Improving lighting and production efficiency
In outdoor microalgal culture, all incident light energy is quickly absorbed in the upper photic zone of the body of water holding the suspended cells. An important challenge then is how to add more light to the large water volumes holding the cell cultures in a cost-effective manner and with a reduced footprint. Our design modifies the simple one of a traditional 30-ton, indoor concrete tank to optimize the efficiency of the light exposure by increasing the light energy available per microalgae cell.
This conceptual advance involves the use of 24 vertically-placed, submerged, fluorescent 40-watt light tubes, fixed in situ with 92 percent transparent acrylic cylinders within the Chaetoceros culture, to ensure a photosynthetically active radiation of 300 to 500 lux within the culture water. Salinity was reduced to under 25 ppt with additions of potable water. The water temperature used in our runs was maintained at a consistent 23o C – to promote higher cell lipidic content and a prolonged logarithmic phase – using a mini-chiller. Aeration was supplied by a bottom, 32-mm piping network.
Carbon dioxide was injected at 0.2 percent (v/v) for higher dry protein content per cell, as 8-mm diameter bubbles that assured a vertical rise-up of whole air cells to break the surface. A tear-drop surface skimmer congregated the extracellular metabolite particulates. As diatoms release extracellular polysaccharides with nitrogen limitation, nutrient dosing was carried out every other day, with actual doses calculated at 50 percent of the culture volume in order to check and control intercellular adhesion and aggregation.
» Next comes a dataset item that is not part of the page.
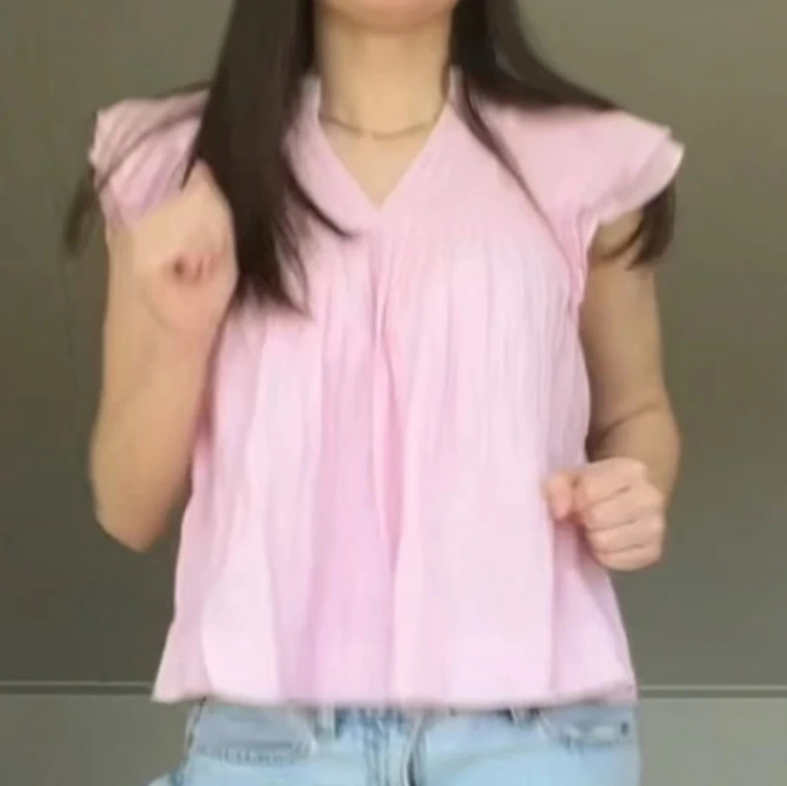 Söt ljusrosa blus med v-ringning och volangärmar. Blusen har en luftig passform och är tillverkad i ett lätt, skrynkligt bomullstyg som ger en avslappnad känsla. Perfekt för vår och sommar.

Microalgae cultures were harvested every 72 hours when they reached a cell density of 3.0 x 106 cells/mL, by removing about 67 percent of the total culture volume and replenishing it immediately with an equal volume of pasteurized, filtered (1-micron) seawater with adequate nutrients (f/2) added. The process continues for a 42-day run in the same tank. After 42 days, the tank must be totally emptied, cleaned with 2-ppm EDTA solution and then the walls are cleaned with prepared high saline brine, followed by freshwater rinsing. The culture tank is then refilled with seawater at 23o C and reseeded with leftover partial harvest biomass to a starting cell density of 1.0 million cells/mL. Strict manipulation of this initial cell count represents the best way to manage the amount of light available to the cultured diatoms. Low density operation within early log to mid-log phase culture operation is generally stable when growing Chaetoceros.
According to Dr. (Mrs.) A.P. Carvalho (Universidade Católica Portuguesa), a well-known expert on microalgal bioreactors, “There is no such thing as the best reactor system” and “The most suitable system is situation-dependent.” Our open, indoor tank design with submersed photosynthetic fluorescent lights and operating at low cell densities represents a novel, semi-continuous system for the culture of the diatom C. calcitrans, and is suitable for shrimp hatcheries in coastal desert areas. The diatom cultures are maintained at a selected point on their logarithmic population growth curve by the regulated addition of fresh culture medium.
We have carried out continuous production without any competition from other species, including fouling ones, and have produced more uniform cells than other batch cultures. C. calcitrans cultures in this continuous crop cultivation system store thiamine, α-tocopherol, enzyme inhibitors, allelopathic bacteria, pharmacologically-active compounds like ß-1,3-glucan, as well as photo-protective signature pigments.